── RECORDS FOR PROCESSING

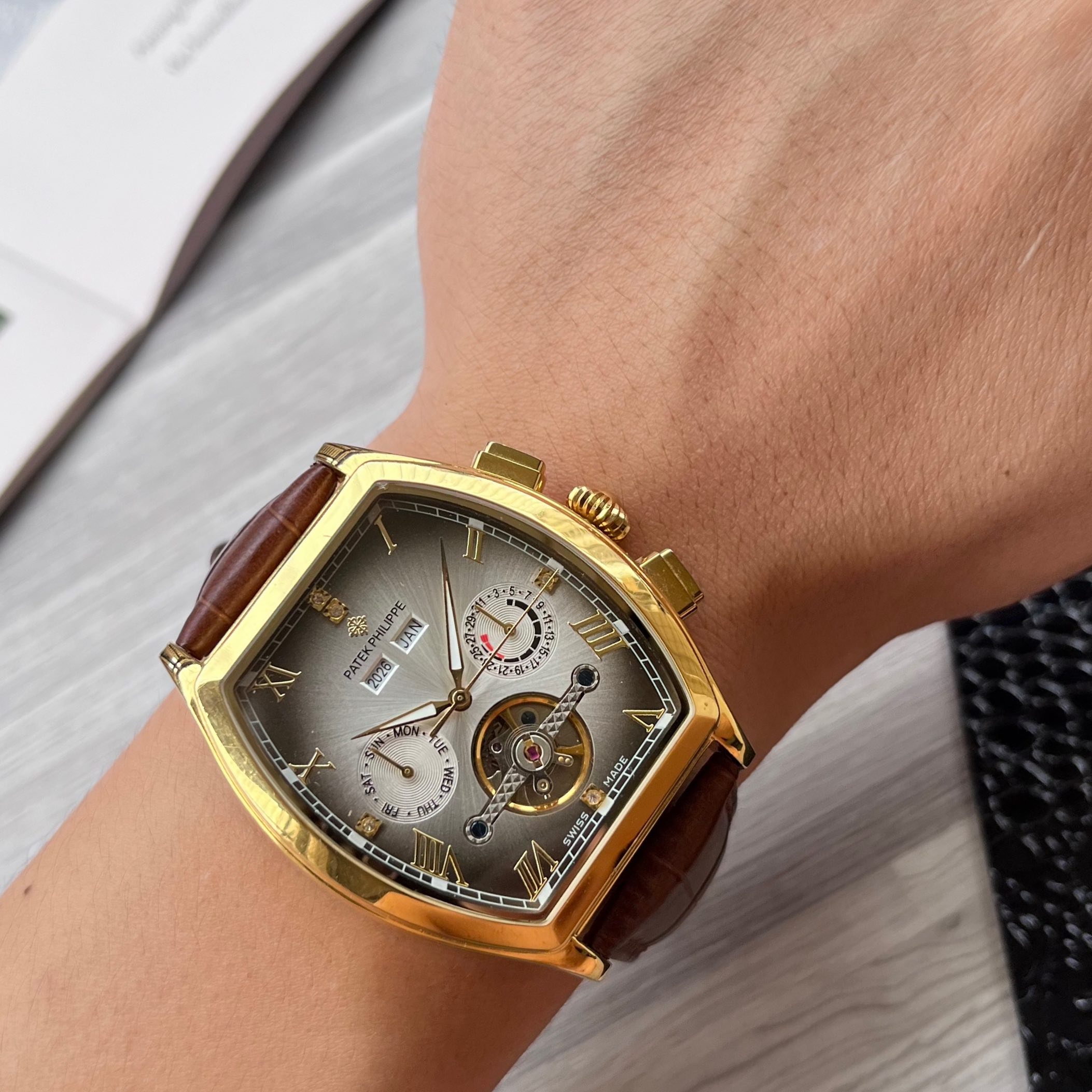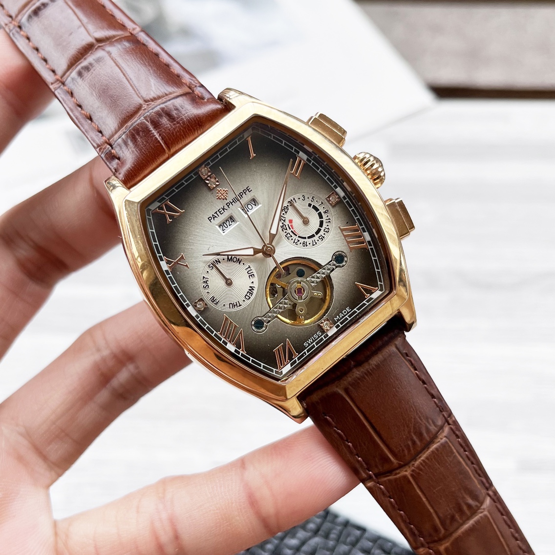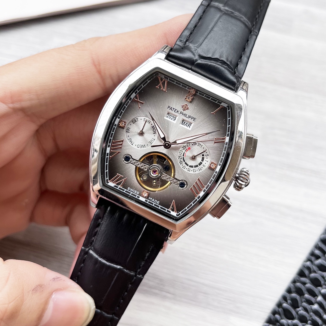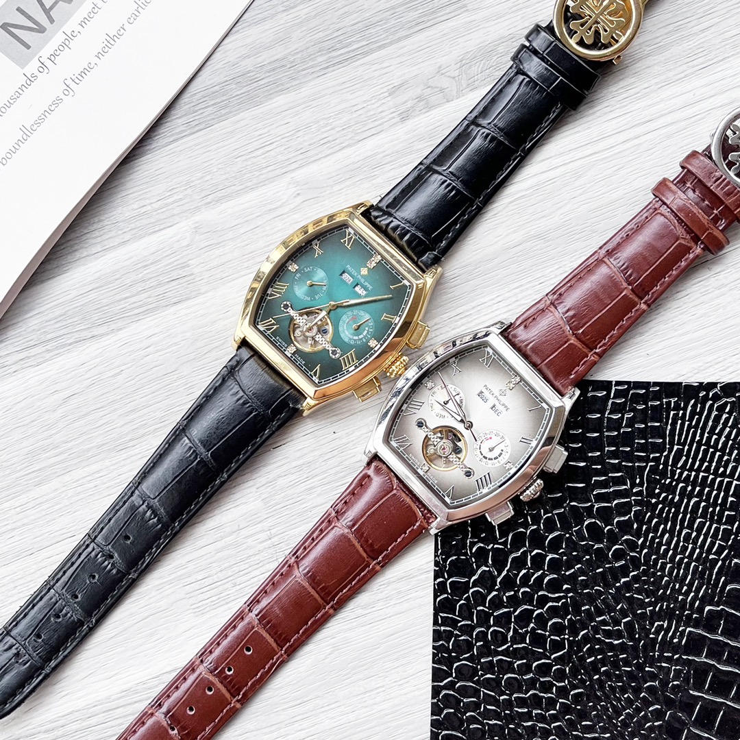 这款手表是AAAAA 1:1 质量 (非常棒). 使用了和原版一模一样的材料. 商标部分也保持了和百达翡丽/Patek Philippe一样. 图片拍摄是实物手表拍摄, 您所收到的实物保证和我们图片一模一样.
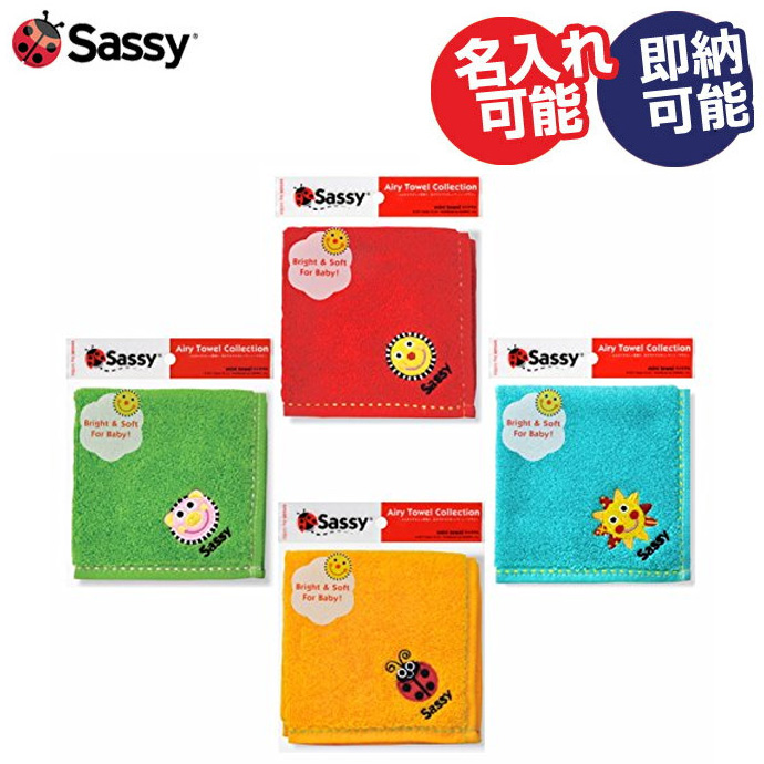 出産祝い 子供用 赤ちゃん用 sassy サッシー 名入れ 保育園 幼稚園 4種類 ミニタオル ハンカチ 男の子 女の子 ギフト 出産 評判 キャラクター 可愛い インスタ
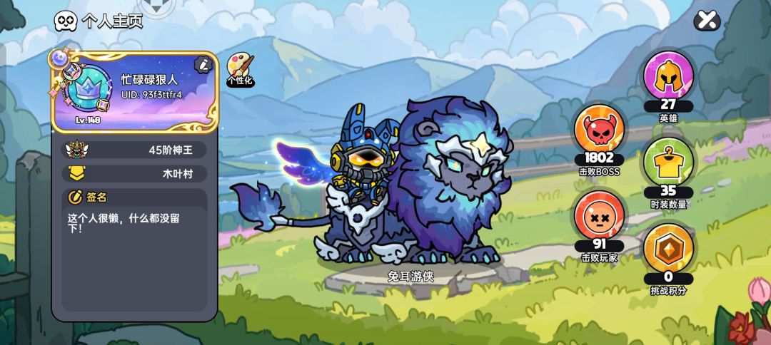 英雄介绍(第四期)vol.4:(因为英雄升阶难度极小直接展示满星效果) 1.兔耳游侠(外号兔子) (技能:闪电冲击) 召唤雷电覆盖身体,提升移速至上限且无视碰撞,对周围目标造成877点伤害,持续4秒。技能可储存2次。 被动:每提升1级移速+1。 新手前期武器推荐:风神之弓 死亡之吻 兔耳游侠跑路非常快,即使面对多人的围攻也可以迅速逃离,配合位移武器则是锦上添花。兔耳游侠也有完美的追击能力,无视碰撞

────
── RECORDS FOR PROCESSING

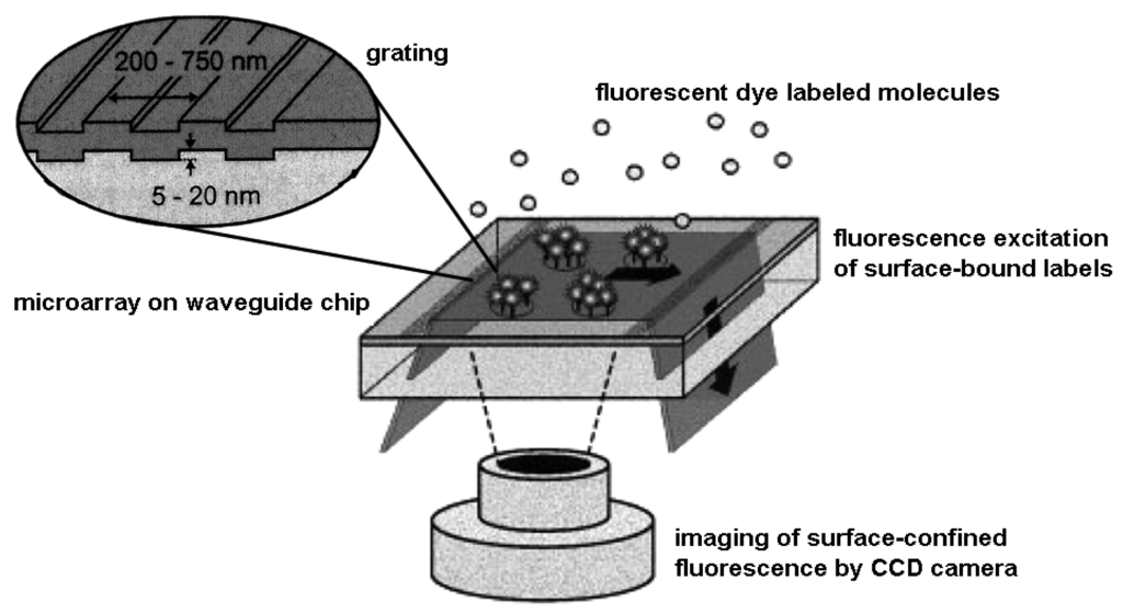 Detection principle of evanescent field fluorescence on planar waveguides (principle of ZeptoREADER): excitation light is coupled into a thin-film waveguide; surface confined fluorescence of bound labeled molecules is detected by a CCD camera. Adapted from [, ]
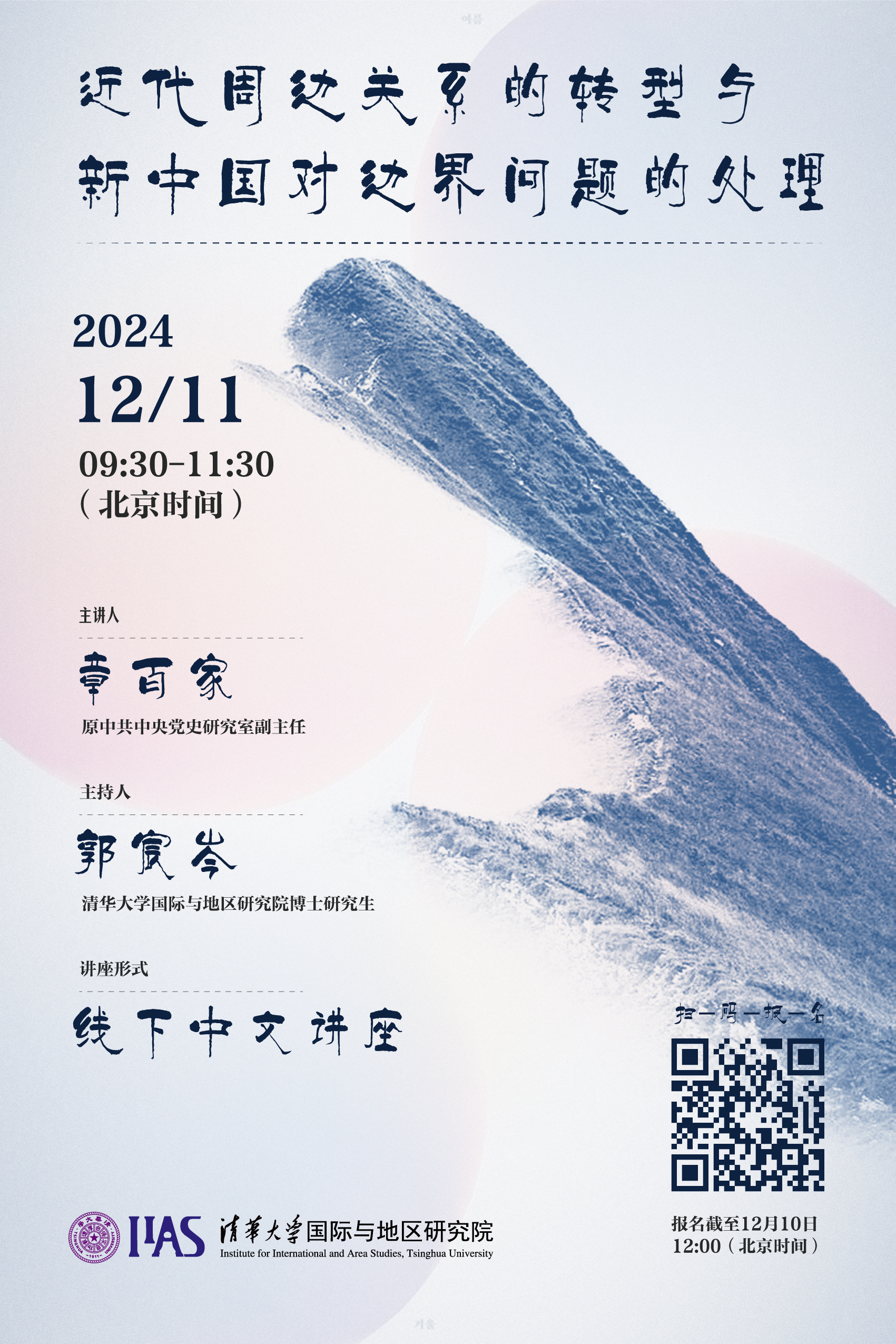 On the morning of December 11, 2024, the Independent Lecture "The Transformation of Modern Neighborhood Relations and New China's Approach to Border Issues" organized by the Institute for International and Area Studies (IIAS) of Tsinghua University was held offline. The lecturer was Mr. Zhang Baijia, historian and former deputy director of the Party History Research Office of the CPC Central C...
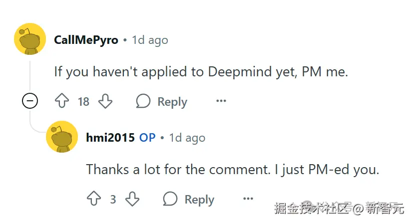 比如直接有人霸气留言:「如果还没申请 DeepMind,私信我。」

────

▶ _EXERCISE GOAL_: What you return must match the lines above from the one with "Detection principle of" through the one with "比如直接有人霸气留言:「如果还没申请 DeepMind,私信我。」" exactly, with both ends included and the pictures excluded.

▶ _EXERCISE RESULT_:
 Detection principle of evanescent field fluorescence on planar waveguides (principle of ZeptoREADER): excitation light is coupled into a thin-film waveguide; surface confined fluorescence of bound labeled molecules is detected by a CCD camera. Adapted from [, ]
 On the morning of December 11, 2024, the Independent Lecture "The Transformation of Modern Neighborhood Relations and New China's Approach to Border Issues" organized by the Institute for International and Area Studies (IIAS) of Tsinghua University was held offline. The lecturer was Mr. Zhang Baijia, historian and former deputy director of the Party History Research Office of the CPC Central C...
 比如直接有人霸气留言:「如果还没申请 DeepMind,私信我。」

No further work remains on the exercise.